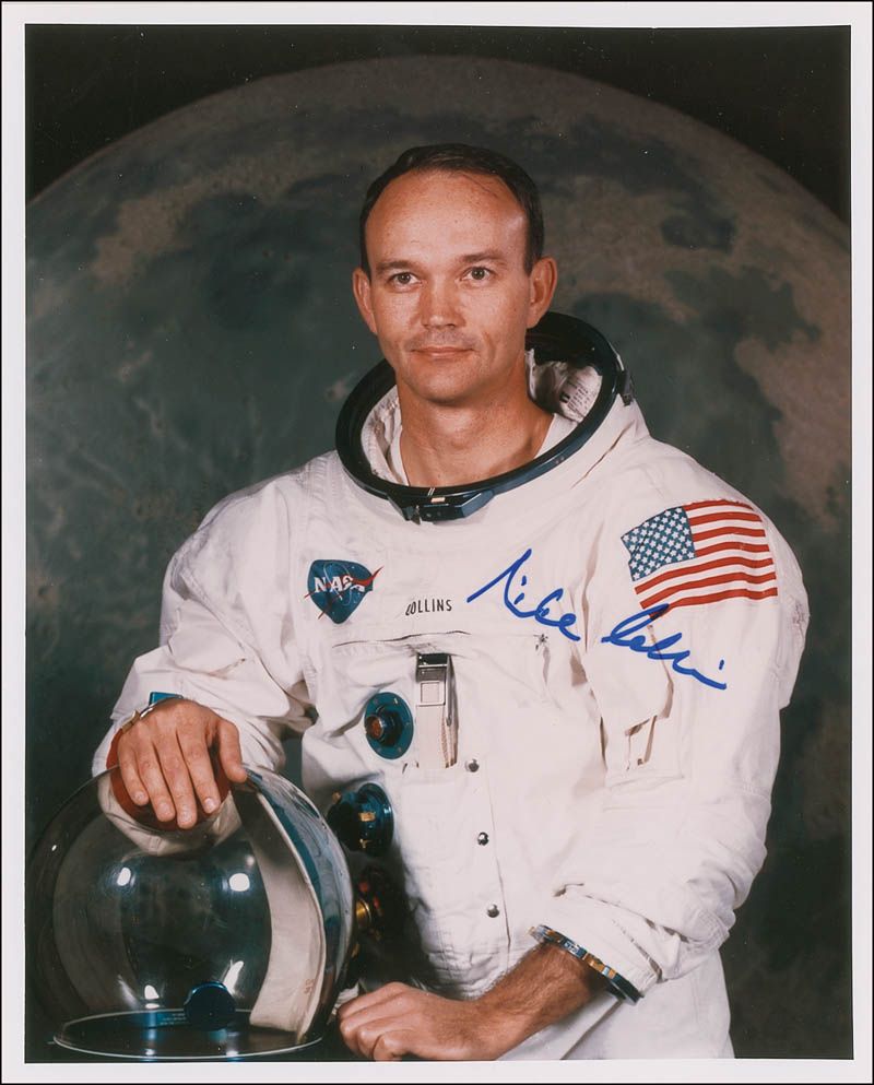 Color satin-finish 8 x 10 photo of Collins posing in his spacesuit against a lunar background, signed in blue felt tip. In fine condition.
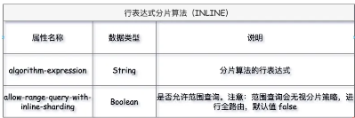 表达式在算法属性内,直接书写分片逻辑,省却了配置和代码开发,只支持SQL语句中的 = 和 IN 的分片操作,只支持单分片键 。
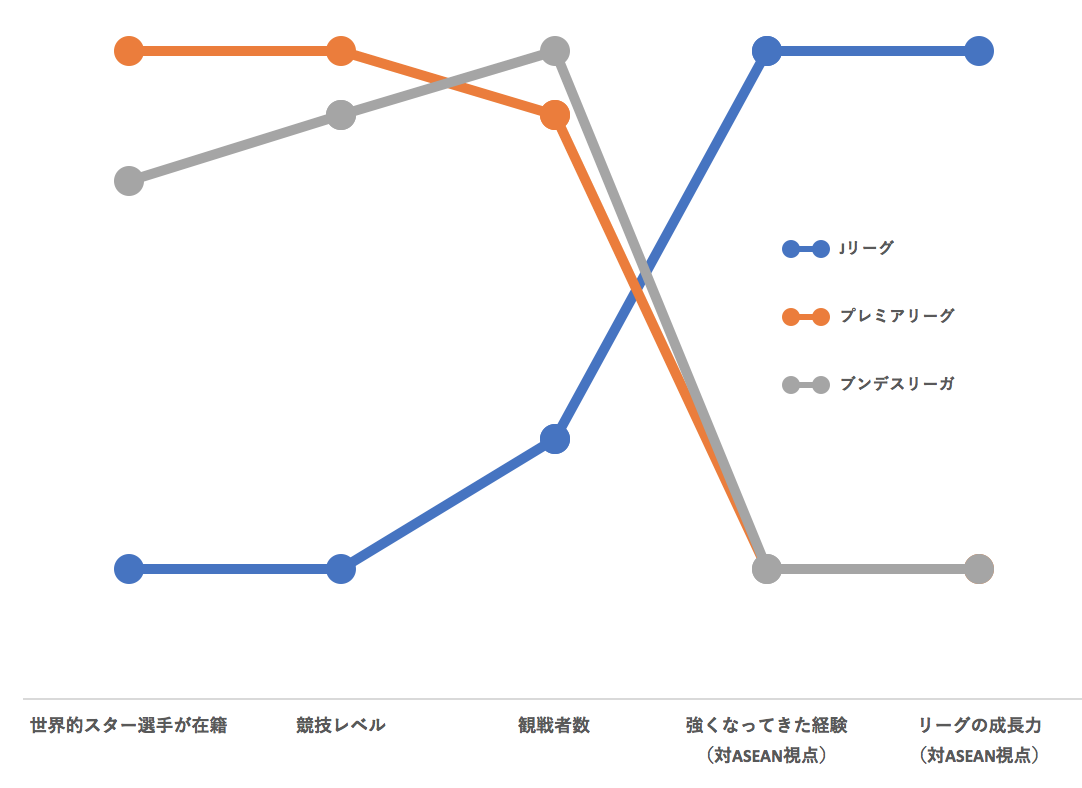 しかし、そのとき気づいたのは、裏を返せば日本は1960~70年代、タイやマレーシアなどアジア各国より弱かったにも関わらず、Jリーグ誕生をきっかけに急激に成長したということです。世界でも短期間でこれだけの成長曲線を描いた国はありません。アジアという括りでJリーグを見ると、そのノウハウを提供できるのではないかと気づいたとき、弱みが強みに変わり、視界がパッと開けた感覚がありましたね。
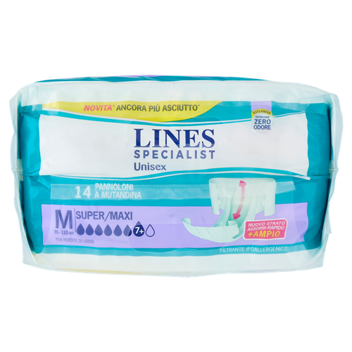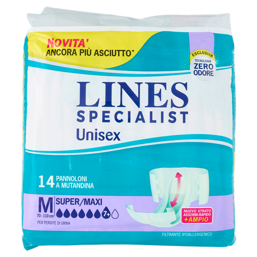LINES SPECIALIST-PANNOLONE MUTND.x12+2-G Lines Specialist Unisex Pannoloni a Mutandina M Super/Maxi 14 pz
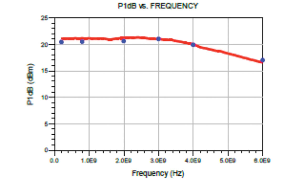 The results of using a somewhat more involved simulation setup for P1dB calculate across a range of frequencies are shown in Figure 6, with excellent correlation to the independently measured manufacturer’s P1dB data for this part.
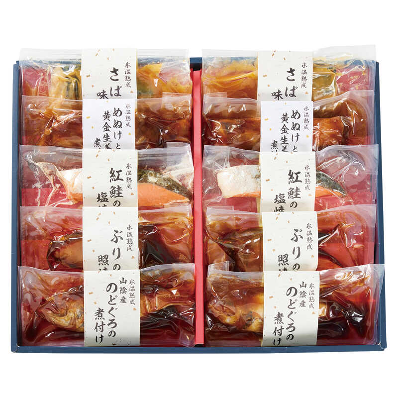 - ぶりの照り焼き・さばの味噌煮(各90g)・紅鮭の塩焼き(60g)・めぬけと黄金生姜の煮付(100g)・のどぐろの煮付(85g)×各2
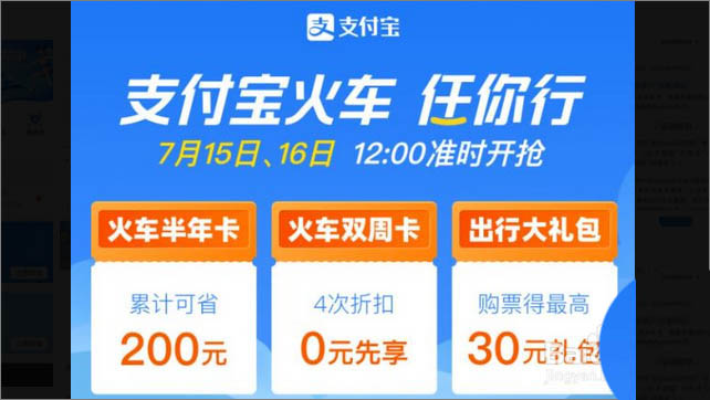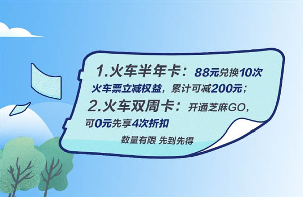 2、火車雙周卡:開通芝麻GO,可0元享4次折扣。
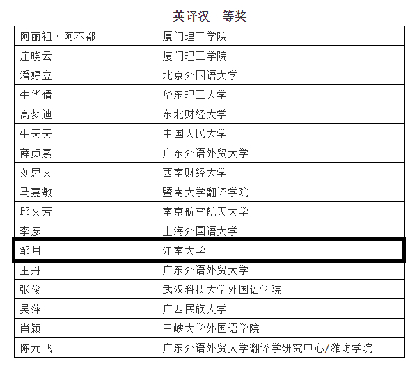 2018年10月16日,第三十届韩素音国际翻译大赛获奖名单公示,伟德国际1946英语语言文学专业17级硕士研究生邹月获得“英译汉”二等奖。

◇ ◇ ◇ ◇ ◇ ◇ ◇

The problem
Beginning with the line where "The results of" appears, transcribe the records above word for word through their last line, and include no pictures.

Reply
 The results of using a somewhat more involved simulation setup for P1dB calculate across a range of frequencies are shown in Figure 6, with excellent correlation to the independently measured manufacturer’s P1dB data for this part.
 - ぶりの照り焼き・さばの味噌煮(各90g)・紅鮭の塩焼き(60g)・めぬけと黄金生姜の煮付(100g)・のどぐろの煮付(85g)×各2
 2、火車雙周卡:開通芝麻GO,可0元享4次折扣。
 2018年10月16日,第三十届韩素音国际翻译大赛获奖名单公示,伟德国际1946英语语言文学专业17级硕士研究生邹月获得“英译汉”二等奖。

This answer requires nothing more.